There is no problem in Wales. I did not come here to build a fire under the Welsh members and try to get them running around to do a lot of exoteric work. No; you are doing a great deal more than other people without seeming to do a thing. It is the inner light and fire of theosophy which we want to keep burning.

Ronald Lane: I wonder if Mr. Long would continue his explanation, which I think is a very adequate one and very interesting, in answer to Mr. Carey. As I see it, the disturbing factor is not the national sections, although they have their squabbles, but the fact that the major squabble (perhaps I had better not use that term) seems to have come right from Headquarters. I wonder whether you could perhaps give some adequate explanation as to why the Cabinet should be at loggerheads, and why the whole matter of the leadership should not have been a little clearer so that the various national sections would have taken a final view of it, rather than have to settle down in many months to a more reasonable view?

JAL: I will be glad to. When you first spoke I thought you were referring to the older picture of the difficulties springing from Headquarters, but I may touch upon both. I see you mean the differences of —

Mr. Lane: I did not mean as it touched you personally, but consider the Cabinet as a body of people who are governing from Headquarters: it seems there is a division of opinion there, and we have to make our own minds up one way or another. It is a very difficult point for us.

JAL: I am very glad you brought that up, Mr. Lane. To answer that, I should like to go back to the beginning of Colonel Conger's administration. If it comes naturally, later we might briefly discuss also the difficulty Colonel had and the cause of it.

The Leader then repeated the thoughts he had expressed in answer to similar questions on his tour through the Continent, and emphasized in conclusion that "when a leader has to be appointed by a document or a vote of the Cabinet, then this Society is no longer the Theosophical Society with the link unbroken."

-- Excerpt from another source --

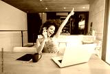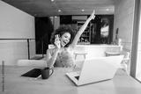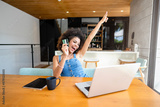 A young woman of African descent is sitting at a wooden table in a modern living room, raising her arm in excitement while holding a credit card and looking at her laptop. celebrating

Kirby Van Mater: I would like to add this, that everything that happened was reported in the Cabinet meetings, and if the membership has felt that they lacked information, I can say that it was just as much a surprise to everybody on the Cabinet as it was to the members.

JAL: That is true. I will merely add this: that nobody knew, whatever anyone might have thought, that I had been given that responsibility by karma as soon as Colonel died. The only words he said to me on his death bed after I returned from my world trip just ten days before he died, were these: "Finish the job you have started to the very end." That was all. But something touched me. I saluted and said goodbye. The next morning he had his heart attack and never regained consciousness. When he passed, then I knew: I knew that I had to do the job in spite of everything, not because of it. I am not saying this in defense, but I have tried to give you truthfully an answer to your questions.

Mr. Lane: Thank you very much. By way of apology, from a national point of view I can only add that it may be we have had an adequate explanation of things. Maybe things have to happen that way. I don't think it would have been so in Wales or in England, but we always have to make allowances for American characteristics. I don't think a member of the Welsh Section would have had that document from Colonel Conger, knowing in his own heart that he was not fit. He would have burned it, or turned it over to —

Mr. Van Mater: I would have either burned it or given it to Mr. Long.

Mr. Urquhart: It may have happened in any country. Circumstances move people around much the same, whether they are of one country or another, or whether they are in one country or another.

Mr. Carey: It is all rather involved as to why the Headquarters was moved from Point Loma to Covina and then to Pasadena, when Point Loma was a world center, really.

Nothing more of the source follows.